Federal lands are a part of our national heritage. In West Virginia, they bring residents and visitors alike together for hiking, biking, camping, fishing and more. They protect wildlife habitats and offer scenic views, as well as provide endless opportunity for outdoor education.
Beyond that, they act as a huge economic booster and tourism driver for the state.
West Virginia’s eight national park units attract over 7 million visitors every year. In 2018 alone, these visitors spent nearly $74 million in the parks’ gateway communities. That spending supported more than 1,000 jobs and added $85.8 million to the state’s economy — money that was put back into businesses, schools and families.
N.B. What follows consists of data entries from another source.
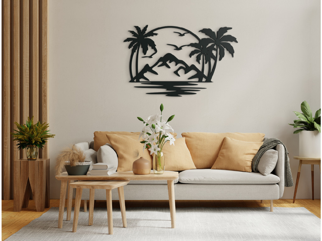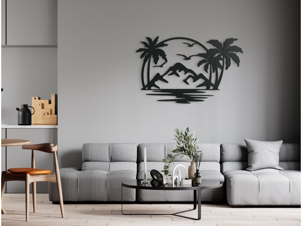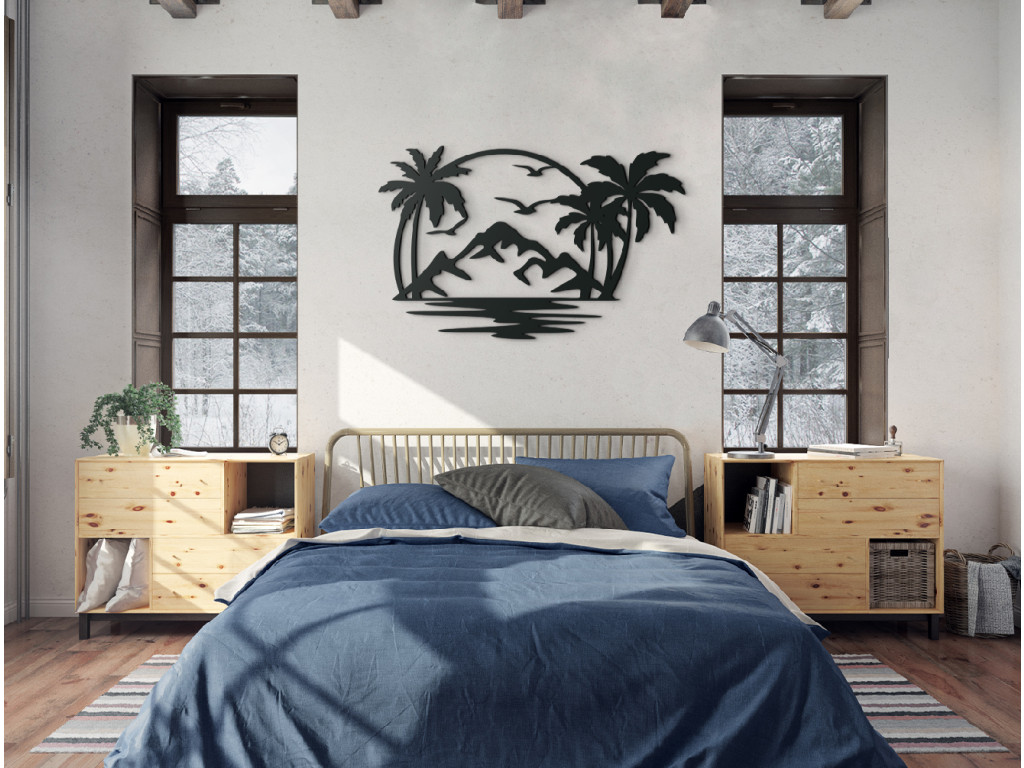 Drevený obraz Rajský ostrov s palmami, na ktorom sa nachádza more a exotické palmy. Jednoduchý dizajn z neho robí dekoráciu vhodnú do akejkoľvek izby. Obraz v minimalistickom dizajne je vyrobený z kvalitných materiálov. Vybrať si môžete z viacerých farebných prevedení.
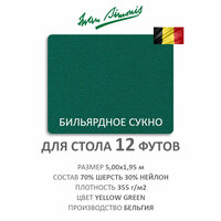 Ширина рулона 195 см. Состав сукна: 70% - шерсть, 30% - нейлон. Плотность: 355 г/м2. В зависимости от размера Вашего стола Вам потребуется погонных метров сукна:
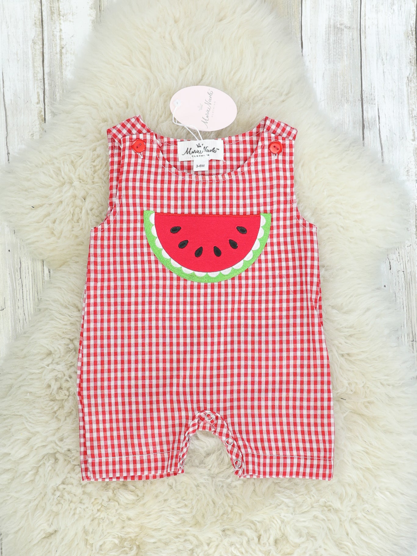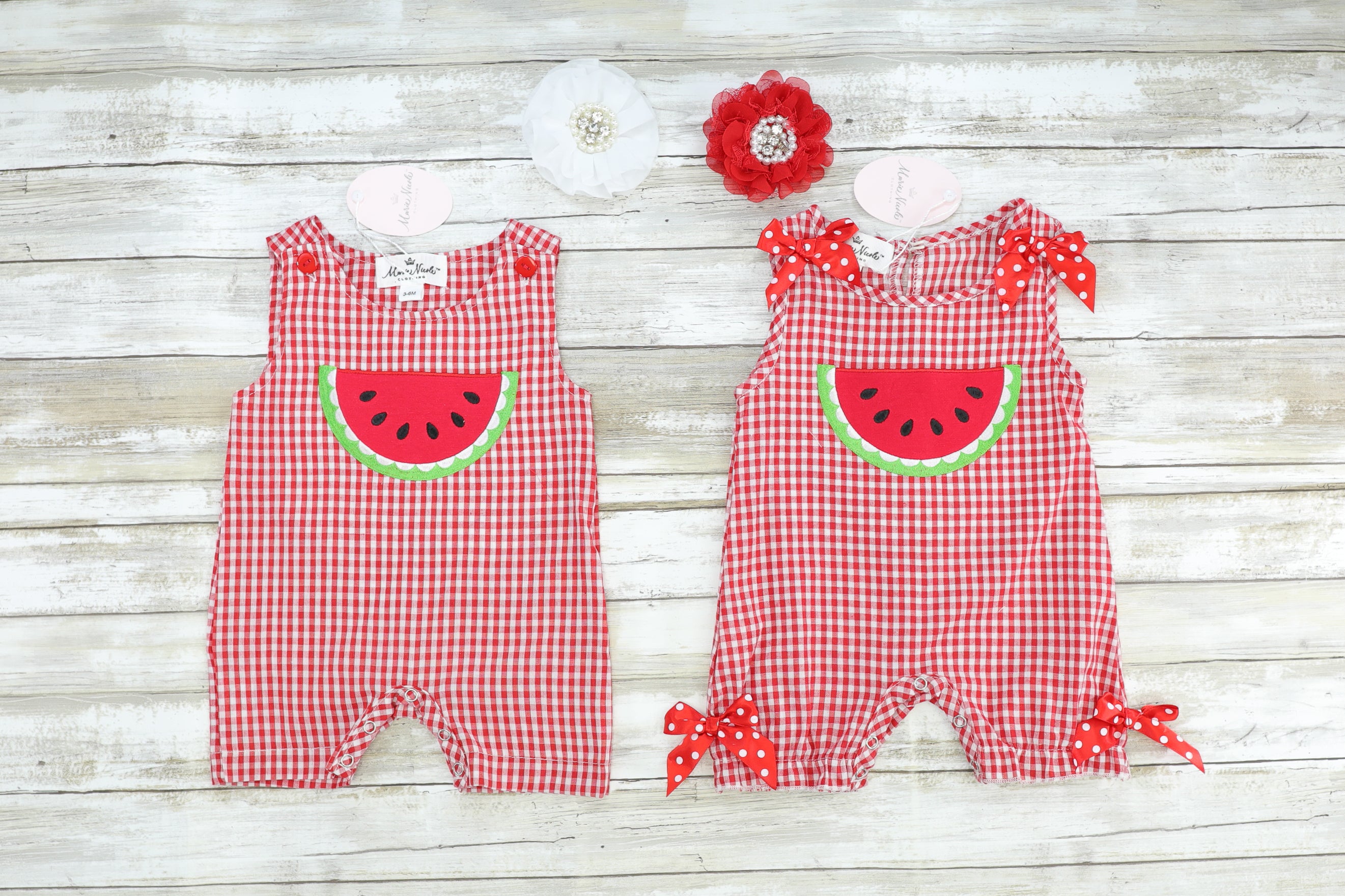 We love eating watermelon all day! This red-checked sibling set features a watermelon applique.
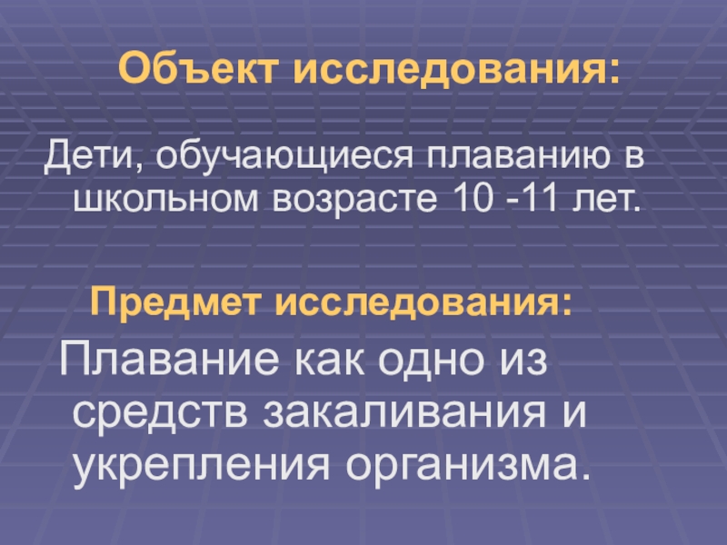 Объект исследования:  Дети, обучающиеся плаванию в школьном возрасте 10 -11 лет.  Предмет исследования:  Плавание как одно из

Most national parks in the state suffer from a variety of deferred-maintenance needs. This includes the New River Gorge, Harpers Ferry National Historical Park, areas on the Bluestone and Gauley rivers and the Appalachian Trail. Despite their undisputed value to the state, national parks in West Virginia require nearly $62 million in infrastructure repairs.
Leaders in Congress must make restoration a priority. Right now, this bill is supported and co-sponsored by the entire West Virginia congressional delegation, but we must keep it moving forward.
I hope readers will join me in urging our members of Congress to remain strong in voicing their bipartisan support for this legislation to secure the dedicated funding our parks need to stay vibrant for generations to come.